Evolving business needs is fulfilled with our AI solution by boosting productivity through creative possibilities. Our AI technology has a wide 24/7 support from our expertise.

Artificial Intelligence

It creates a value idea by analysing the existing data and helps predict product recommendation.

With reinforcement learning our solution success rate increases 94%

Machine Learning

We create ecosystem that helps you solve challenges evolving around your business in real time with machine learning.

When your system force thinks like a human in both logical as well as technical perspective then your business is the game changer in the market. 

Machine Leaning and deep learning

 

Machine Leaning and deep learning gives your business a wide range of access to hidden datas and make your process easy to compete with the market competitor by taking Quick, powerful and creative decision that can change the way of process you did before.

Smarter and faster decision making gives you greater growth in short as well as long term.

The AI Point Supports it’s clients in various verticals for Artificial Intelligence such as:

Artificial Intelligence is borrowing characteristics from human intelligence, and applying them as algorithms in a computer friendly way to find solutions to complex problems in a more human-like fashion.
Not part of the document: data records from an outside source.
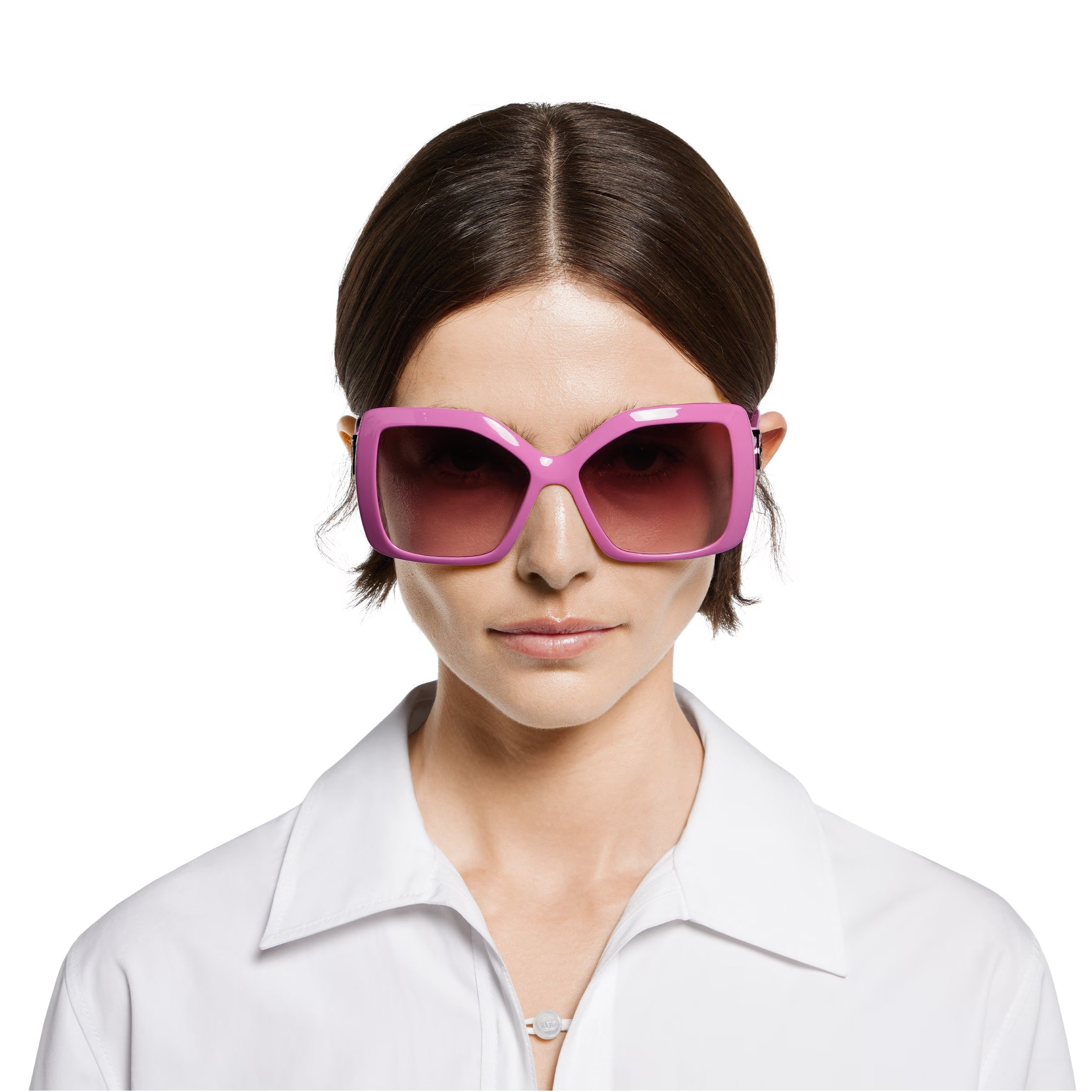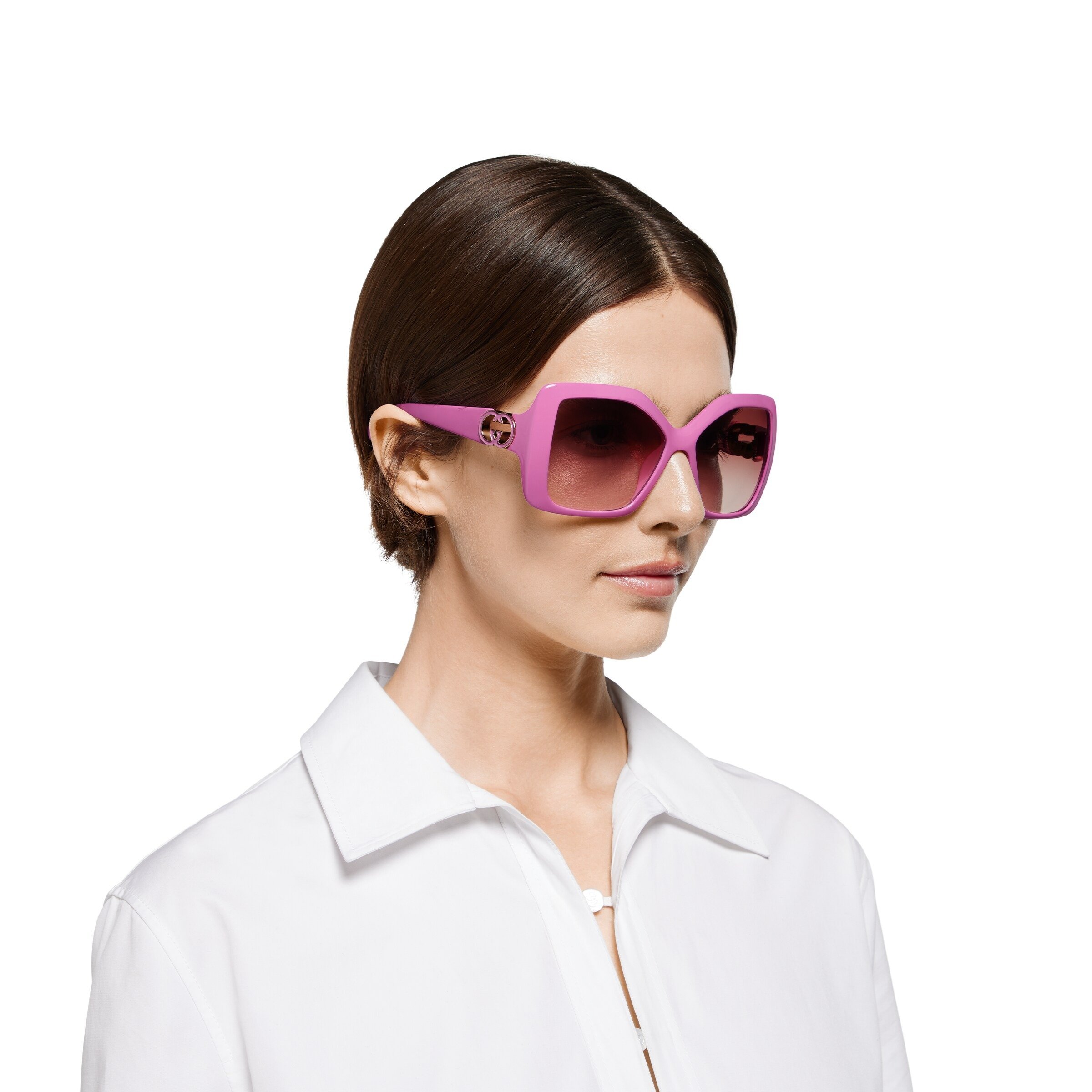 – Shiny pink injection temples with pink enameled cut-out Interlocking G logo
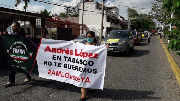 A través de pancartas como "AMLO vete, mentiroso"; "Somos FRENA, López vete ya. En Tabasco no queremos comunismo"; "Fuera AMLO, Fuchi KKS"; "AMLO, vete ya", tabasqueños abordo de aproximadamente 15 vehículos y una motocicleta, acusaron que el mandatario federal quiere convertir su gobierno al comunismo, chavismo y bolivariano.
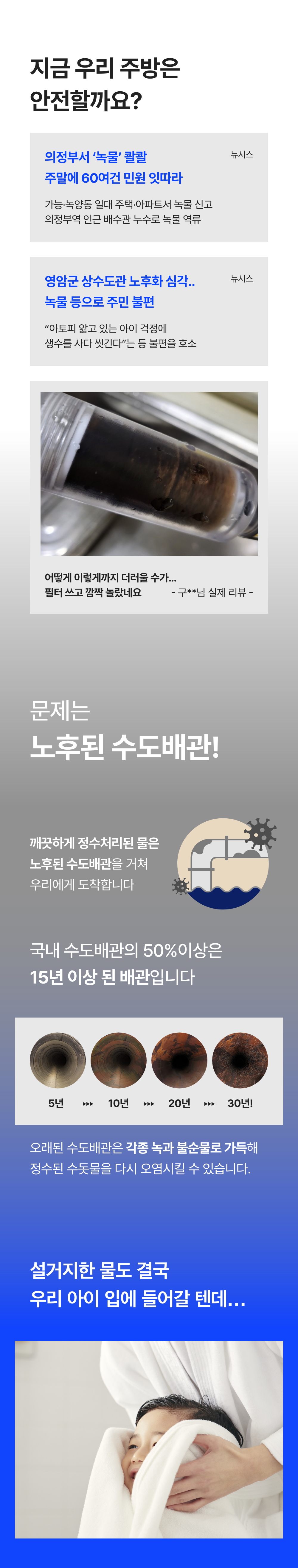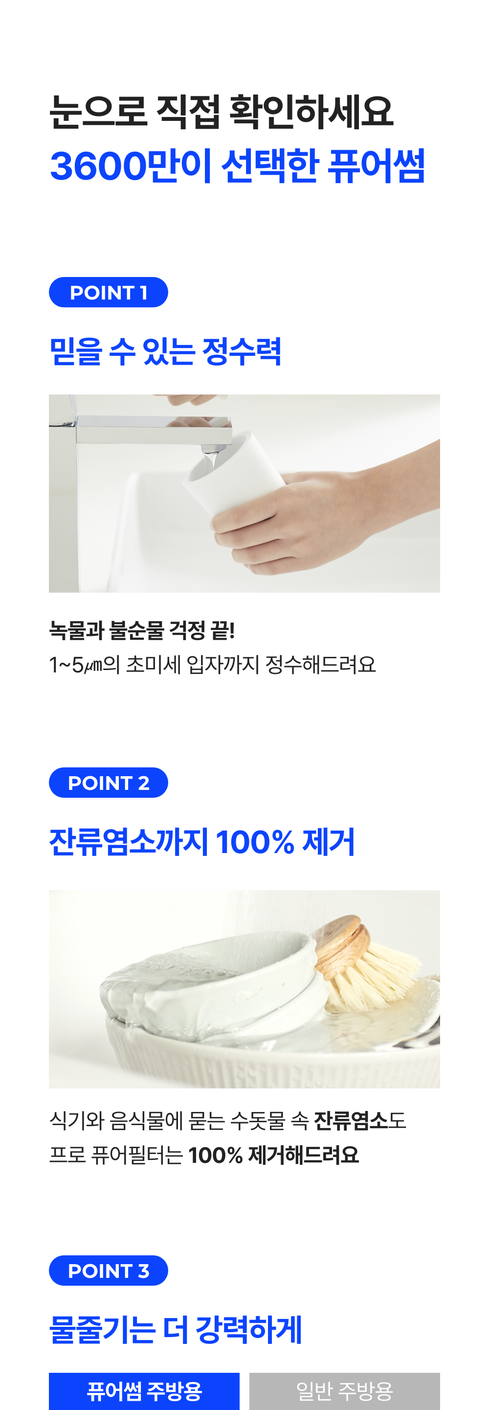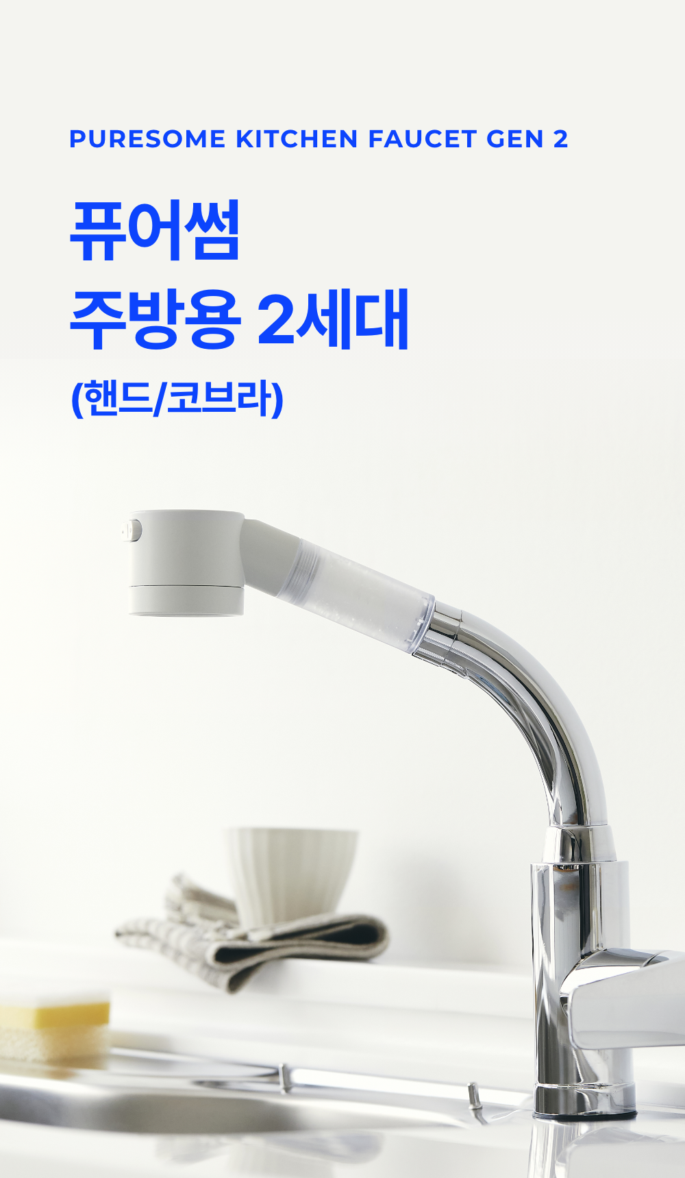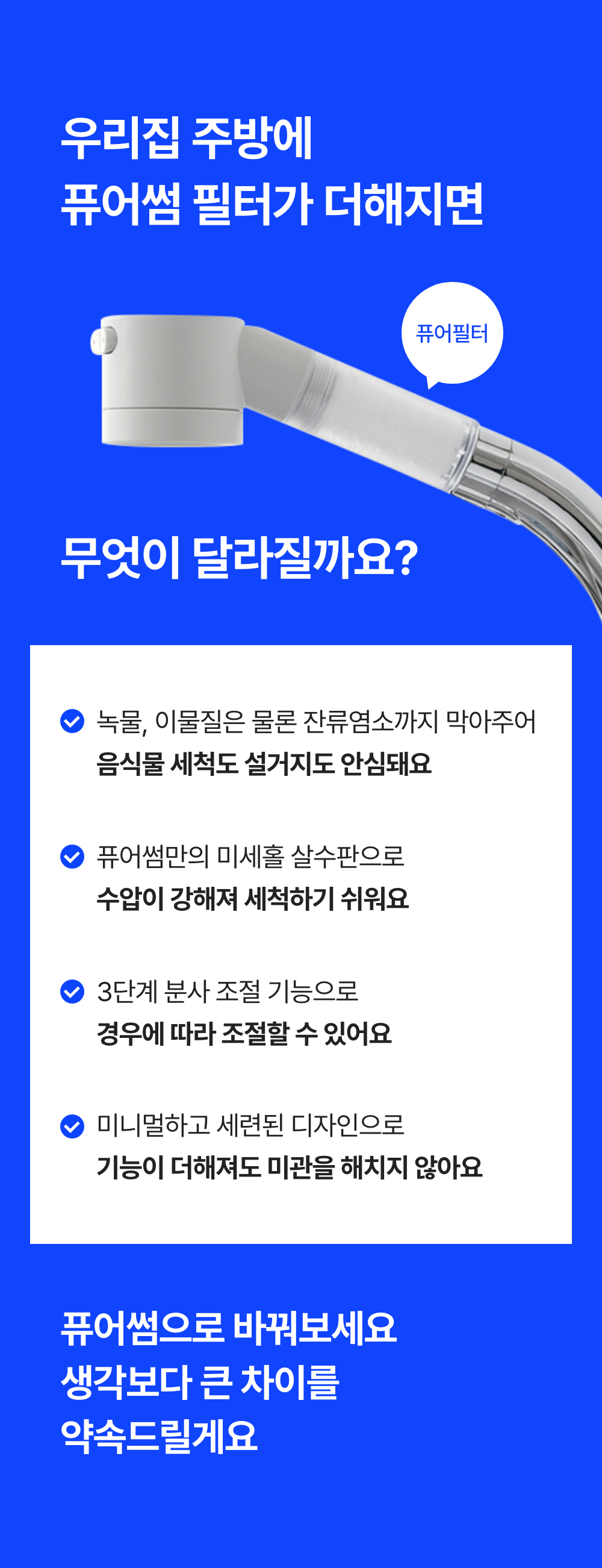 녹물, 불순물, 잔류염소까지 확실하게 제거해주는 퓨어썸 주방용 필터! 이제 주방에서도 안심하고 사용하세요.

Artificial intelligence (AI) makes it possible for machines to learn from experience, adjust to new inputs and perform human-like tasks. Through deep learning computers are trained to perform human-like tasks, such as recognizing speech, identifying images or making predictions. Instead of organizing data to run through predefined equations, deep learning sets up basic parameters about the data and trains the computer to learn on its own by recognizing patterns using many layers of processing.

AI is been used in various verticals such as cyber sccurity, face recognition, data analysis, logistics,markting & advertising etc. Popular uses today include:

Speech Recognition

Both the business and academic worlds have embraced deep learning for speech recognition. Many organizations are already employing deep learning technologies in their systems to recognize human speech and voice patterns. The common way to recognize speech is the following: we take a waveform, split it at utterances by silences and then try to recognize what’s being said in each utterance. To do that, we want to take all possible combinations of words and try to match them with the audio. We choose the best matching combination. According to the speech structure, three models are used in speech recognition to do the match: An acoustic model contains acoustic properties for each senone. A phonetic dictionary contains a mapping from words to phones. A language model is used to restrict word search. Those three entities are combined together in an engine to recognize speech.

Image Recognition

One practical application of image recognition is automatic image captioning and scene description. This could be crucial in law enforcement investigations for identifying criminal activity in thousands of photos submitted by bystanders in a crowded area where a crime has occurred. Self-driving cars will also benefit from image recognition through the use of 360-degree camera technology.

Natural Language Processing

Neural networks, a central component of deep learning, have been used to process and analyze written text for many years. A specialization of text mining, this technique can be used to discover patterns in customer complaints, physician notes or news reports, to name a few.

Recommendation Systems

Amazon and Netflix have popularized the notion of a recommendation system with a good chance of knowing what you might be interested in next, based on past behavior. Deep learning can be used to enhance recommendations in complex environments such as music interests or clothing preferences across multiple platforms.